_To do_
Transcribe, starting at the line with "白い小石と大きな石で表現され" and ending at the line with "MENCIONES HONORÍFICAS DEL", every line of the material below exactly, but leave out the pictures and anything outside that span.

_Materials provided_
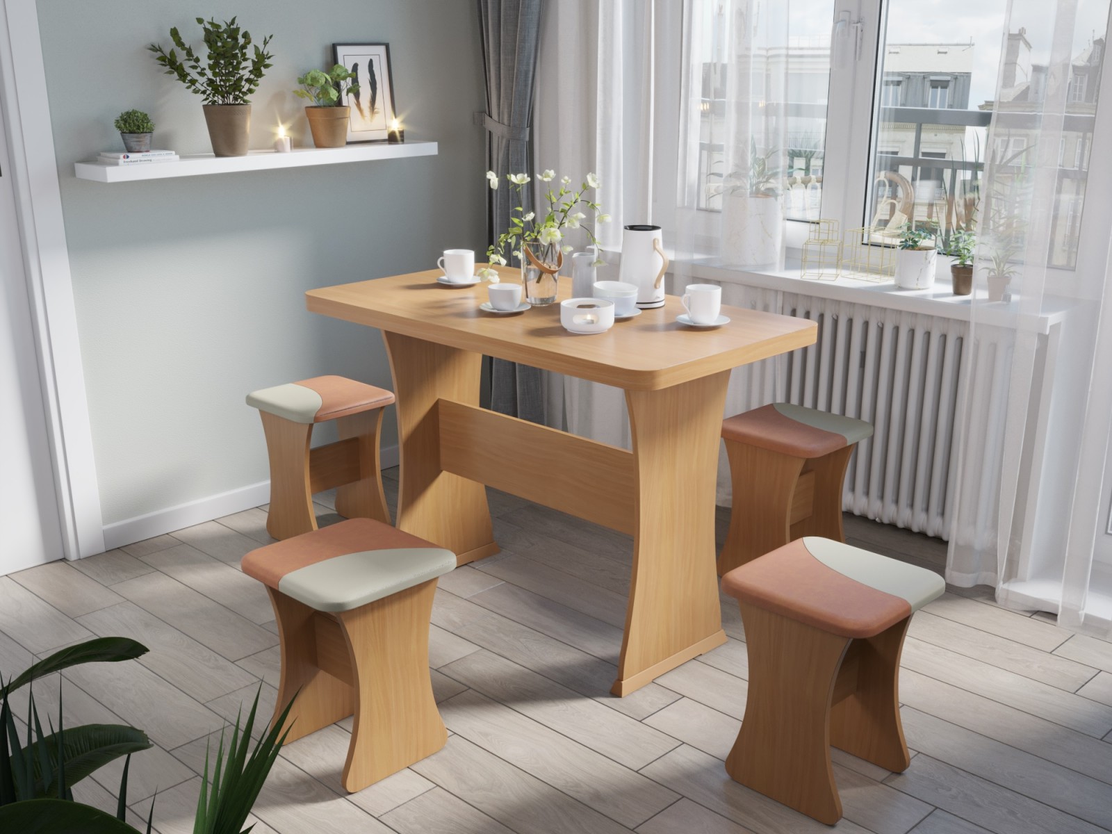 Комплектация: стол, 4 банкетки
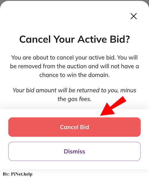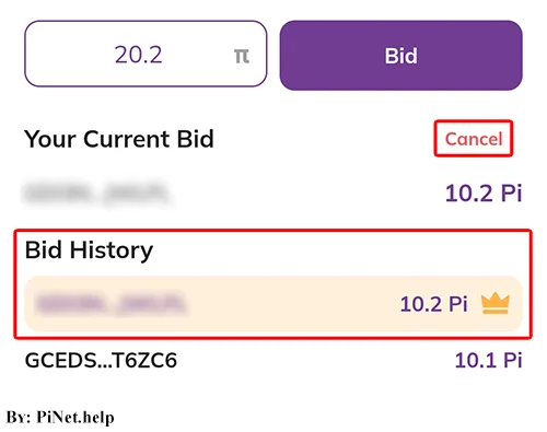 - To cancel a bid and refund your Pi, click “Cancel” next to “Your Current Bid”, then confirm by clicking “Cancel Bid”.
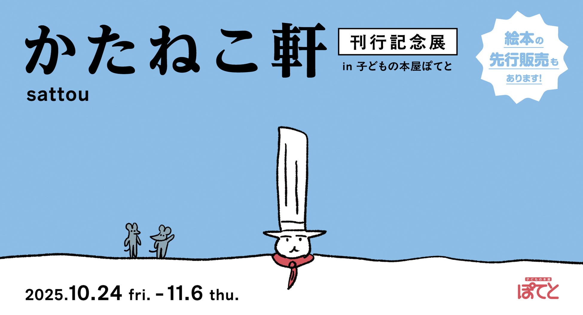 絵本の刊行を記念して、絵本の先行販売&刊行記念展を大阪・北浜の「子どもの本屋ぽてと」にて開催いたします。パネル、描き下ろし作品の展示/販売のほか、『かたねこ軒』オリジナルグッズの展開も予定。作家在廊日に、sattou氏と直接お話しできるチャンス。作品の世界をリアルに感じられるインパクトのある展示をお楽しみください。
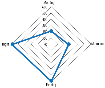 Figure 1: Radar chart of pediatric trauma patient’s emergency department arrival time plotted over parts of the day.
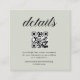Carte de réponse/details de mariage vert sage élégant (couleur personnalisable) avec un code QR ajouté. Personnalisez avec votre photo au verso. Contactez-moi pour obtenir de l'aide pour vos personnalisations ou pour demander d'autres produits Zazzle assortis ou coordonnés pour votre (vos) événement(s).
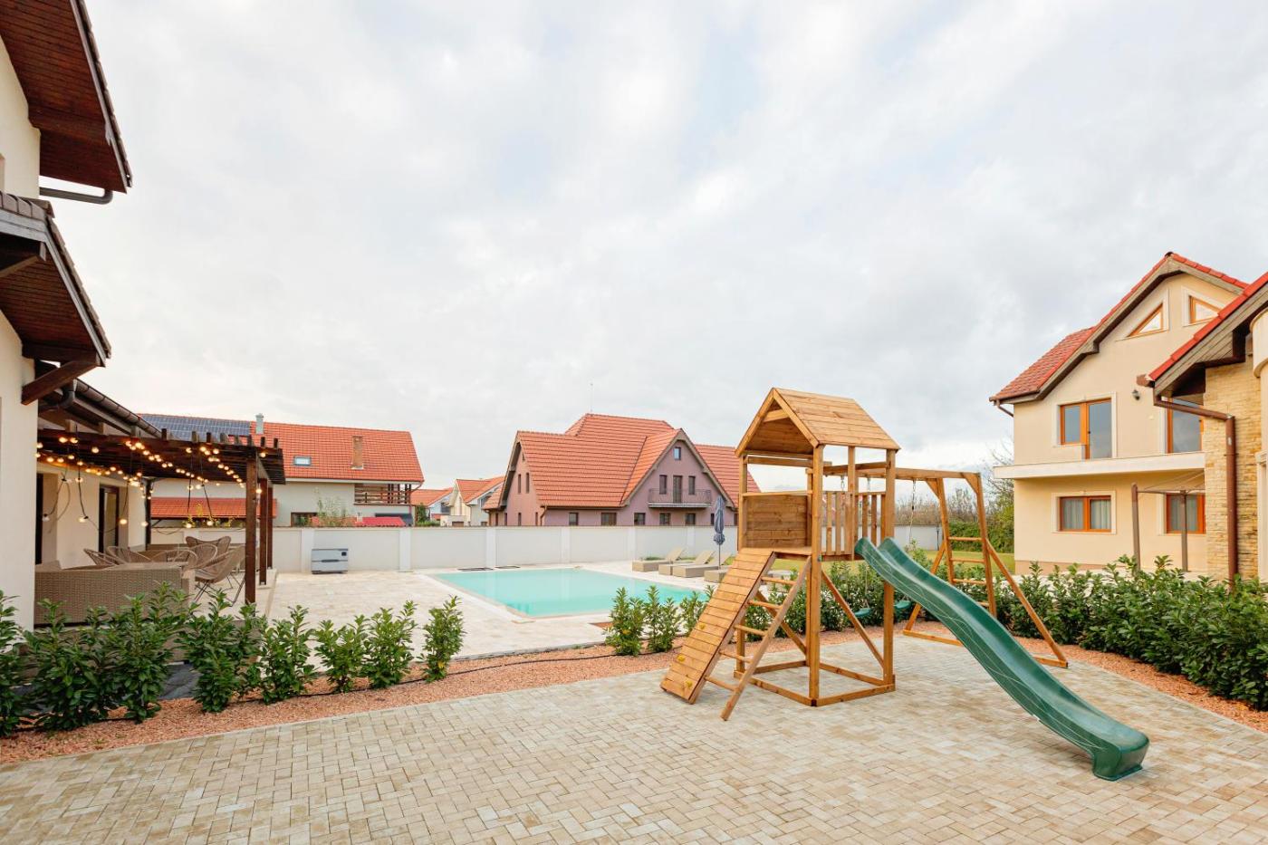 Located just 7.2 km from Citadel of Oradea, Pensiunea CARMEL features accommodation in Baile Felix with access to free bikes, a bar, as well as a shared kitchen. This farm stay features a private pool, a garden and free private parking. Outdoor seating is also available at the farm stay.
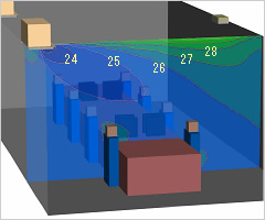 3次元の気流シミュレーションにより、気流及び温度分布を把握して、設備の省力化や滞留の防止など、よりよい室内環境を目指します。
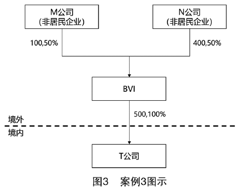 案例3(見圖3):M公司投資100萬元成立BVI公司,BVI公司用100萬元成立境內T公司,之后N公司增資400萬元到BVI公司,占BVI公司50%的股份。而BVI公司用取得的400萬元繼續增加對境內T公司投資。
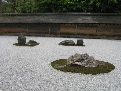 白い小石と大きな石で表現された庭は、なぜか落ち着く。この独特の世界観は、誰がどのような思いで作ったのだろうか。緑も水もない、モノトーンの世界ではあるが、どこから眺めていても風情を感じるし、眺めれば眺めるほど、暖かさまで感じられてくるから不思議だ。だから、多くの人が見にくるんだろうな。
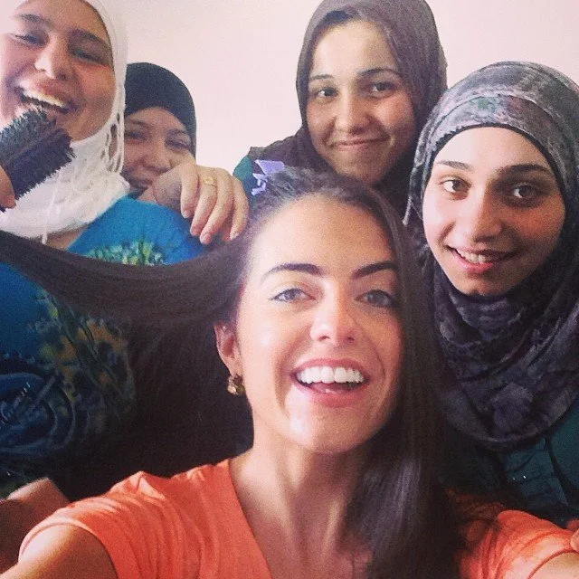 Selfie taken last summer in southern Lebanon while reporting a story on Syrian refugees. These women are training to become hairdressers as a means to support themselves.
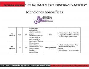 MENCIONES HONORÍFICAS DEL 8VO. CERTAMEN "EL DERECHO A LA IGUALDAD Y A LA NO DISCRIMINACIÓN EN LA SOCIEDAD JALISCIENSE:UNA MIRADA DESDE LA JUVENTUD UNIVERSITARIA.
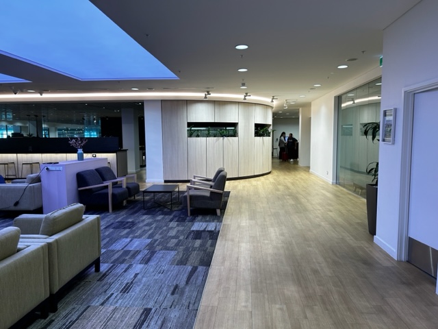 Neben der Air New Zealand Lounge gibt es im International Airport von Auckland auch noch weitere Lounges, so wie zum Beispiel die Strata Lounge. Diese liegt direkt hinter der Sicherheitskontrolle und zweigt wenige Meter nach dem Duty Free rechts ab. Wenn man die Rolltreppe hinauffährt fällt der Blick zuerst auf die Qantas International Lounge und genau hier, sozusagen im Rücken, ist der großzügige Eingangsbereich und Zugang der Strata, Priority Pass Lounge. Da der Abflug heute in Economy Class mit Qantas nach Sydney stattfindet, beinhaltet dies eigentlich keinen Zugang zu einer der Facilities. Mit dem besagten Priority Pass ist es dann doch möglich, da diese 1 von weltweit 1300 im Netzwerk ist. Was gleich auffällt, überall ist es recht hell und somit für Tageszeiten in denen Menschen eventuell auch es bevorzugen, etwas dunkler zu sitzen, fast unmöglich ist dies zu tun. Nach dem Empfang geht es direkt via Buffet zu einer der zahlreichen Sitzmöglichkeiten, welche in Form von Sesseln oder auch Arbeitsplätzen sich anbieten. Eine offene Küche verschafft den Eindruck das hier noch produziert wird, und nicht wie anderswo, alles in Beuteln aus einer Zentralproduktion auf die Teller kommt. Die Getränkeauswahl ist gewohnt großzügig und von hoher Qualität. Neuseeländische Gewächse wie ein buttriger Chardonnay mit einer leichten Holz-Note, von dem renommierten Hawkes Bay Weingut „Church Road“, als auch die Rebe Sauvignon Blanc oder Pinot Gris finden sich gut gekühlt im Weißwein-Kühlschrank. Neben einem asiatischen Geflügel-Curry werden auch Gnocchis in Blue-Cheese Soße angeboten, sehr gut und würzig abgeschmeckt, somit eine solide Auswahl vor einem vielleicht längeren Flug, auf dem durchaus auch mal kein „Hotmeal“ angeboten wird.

_Task response_
 白い小石と大きな石で表現された庭は、なぜか落ち着く。この独特の世界観は、誰がどのような思いで作ったのだろうか。緑も水もない、モノトーンの世界ではあるが、どこから眺めていても風情を感じるし、眺めれば眺めるほど、暖かさまで感じられてくるから不思議だ。だから、多くの人が見にくるんだろうな。
 Selfie taken last summer in southern Lebanon while reporting a story on Syrian refugees. These women are training to become hairdressers as a means to support themselves.
 MENCIONES HONORÍFICAS DEL 8VO. CERTAMEN "EL DERECHO A LA IGUALDAD Y A LA NO DISCRIMINACIÓN EN LA SOCIEDAD JALISCIENSE:UNA MIRADA DESDE LA JUVENTUD UNIVERSITARIA.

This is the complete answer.